The team discussed an inconsistency in the user configuration of the official Syft and Grype Docker images.

  • The Problem: For security reasons, the default user for the Docker images was changed from root to a non-root user. This change broke common CI/CD workflows that rely on mounting the Docker socket or sharing cache directories, which require root permissions. While the :latest tags were reverted to using root, the :debug tags were left as non-root. This is problematic because the :debug images (which include a shell) are specifically for CI environments (like GitLab CI) where users often cannot change the running user and need root.
  • Discussion: The team acknowledged the user frustration caused by the back-and-forth changes.
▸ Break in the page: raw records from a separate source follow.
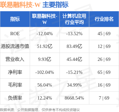 联易融科技-W港股市值51.92亿港元,在计算机应用行业中排名第12。主要指标见下表:
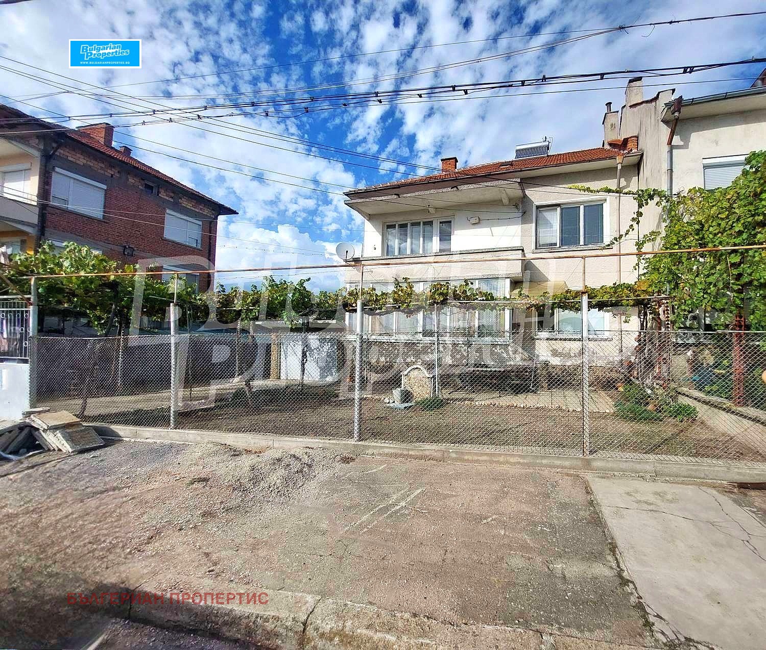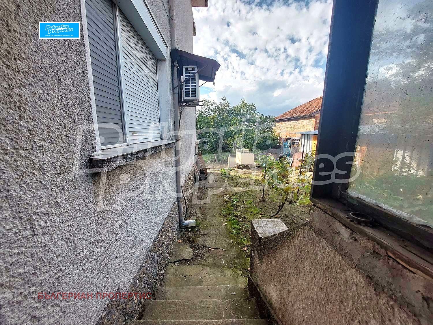 Дворът е 209 кв.м. (от общо 418 кв.м.) като е разделен поравно между двата етажа. Подходящ е както за цветна градина, така и за паркомясто за един автомобил. В задната му част има няколко стопански постройки и много лозови насаждения.
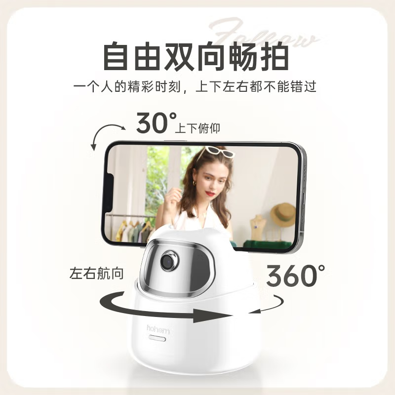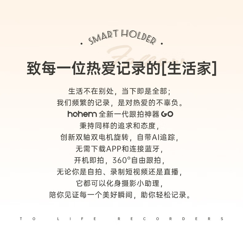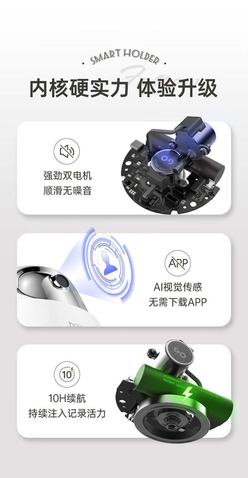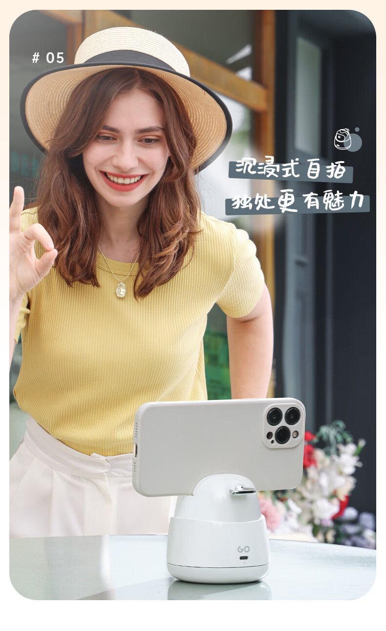 商品名称:浩瀚卓越(hohem)GO手机云台稳定器桌面防抖拍摄360度双向跟拍 AI人脸追踪无需APP 桌面云台GO(标配) 偏远另加运费
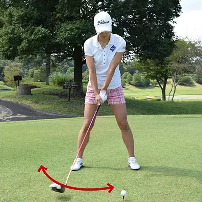 アドレスの姿勢からおヘソを右に回していくのがベストといえる。
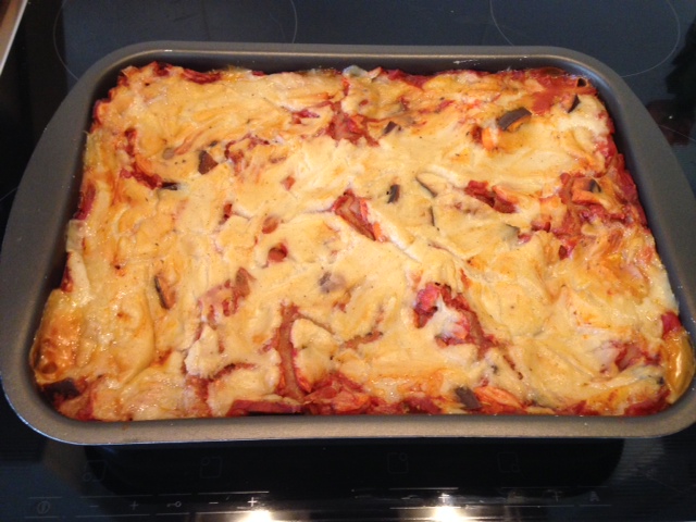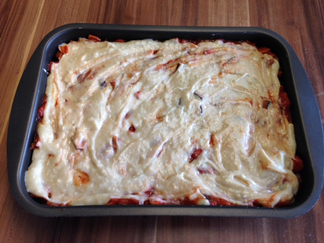 - Beide Saucen vom Herd nehmen und die Auflaufform zu Hand nehmen. Nun abwechselnd schichten: Sauce, Béchamel, Dinkelblätter usw. (ich wiederhole dies 2 mal), der Schluss bildet natürlich die Tomatensauce und die restliche Bechamelsauce
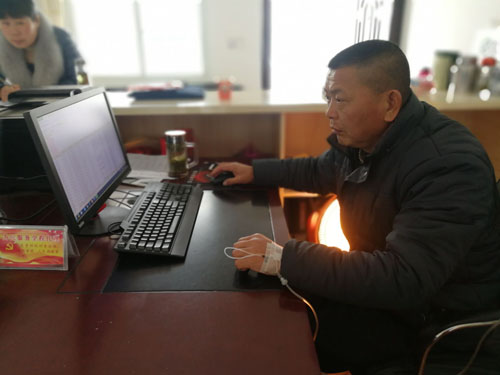 2月1日上午,记者在漫水河镇平田村采访时看到,该村村主任张涛在村部办公室一边打着点滴,一边还带病坚持在电脑上查看全村的扶贫软件资料。

The goal is to provide a consistent and predictable experience.
  • Outcome: A clear path forward was decided:
    • The standard :latest and :debug tags will both run as root for maximum compatibility with CI systems.
    • New, explicit tags (:nonroot and :debug-nonroot) will be created for users who prefer or require a non-root execution environment.
    • Chris took on the task of implementing this change, and the issue was moved to the ready state.
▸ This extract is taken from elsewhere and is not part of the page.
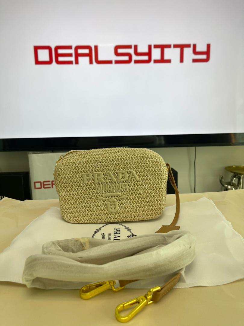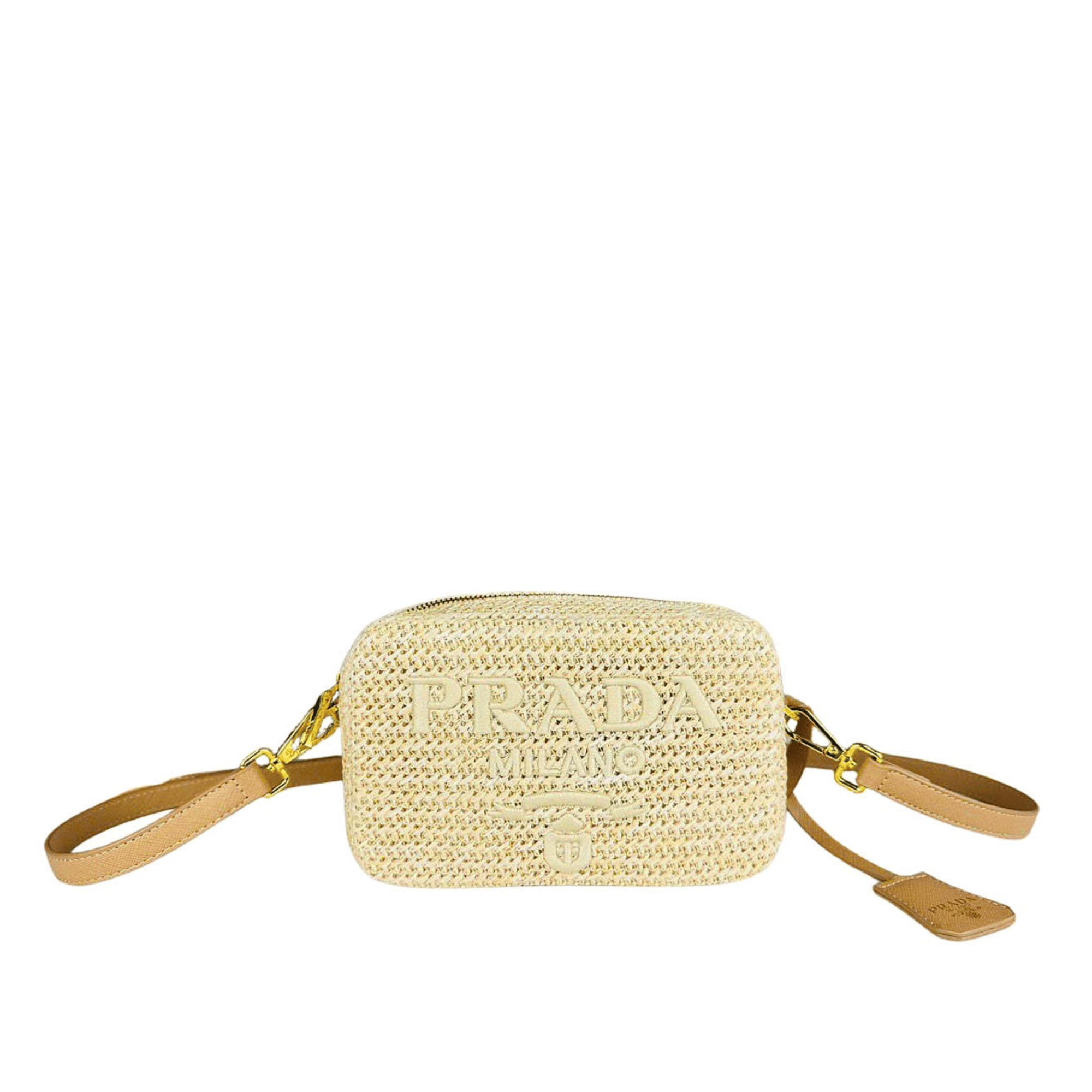 Prada Raffia Crochet Shoulder Bag Natural 20Cm

Syft #4187: add java packages to java archive metadata

The final discussion was about a feature request to add more granular information about the contents of Java Archive (JAR) files to the SBOM.

  • The Goal: The request is to list the Java namespaces (e.g., org.joda.time) found inside a JAR file as part of the package’s metadata. The user wants this information to correlate output from performance profilers (which might flag a specific Java class) back to the JAR file that contains it in the Syft-generated SBOM.
  • Discussion:
    • The team quickly clarified a key point of confusion: the request is about Java’s internal “packages” (namespaces), not nested software “Packages” (like JARs within JARs).
    • A major concern was the potential for this to significantly increase the size of the SBOM, as a single JAR can contain hundreds of Java namespaces.
    • Chris drew a parallel to Go, where the team made a deliberate decision not to list all of Go’s internal package imports for similar reasons (SBOM bloat and potential user confusion). They decided that the Go Module is the correct level of granularity for a software package. The team questioned why they should treat Java differently.
    • Keith suggested a more generic solution: instead of adding Java-specific metadata, perhaps Syft could be enhanced to optionally list the entire file tree inside any archive (JAR, ZIP, etc.). This would provide the requested information in a more versatile way.
  • Outcome: The team felt that more input was needed, particularly from Alex Goodman, who has deep expertise in the Java catalogers. The issue will remain under needs-discussion and will be revisited in a future session.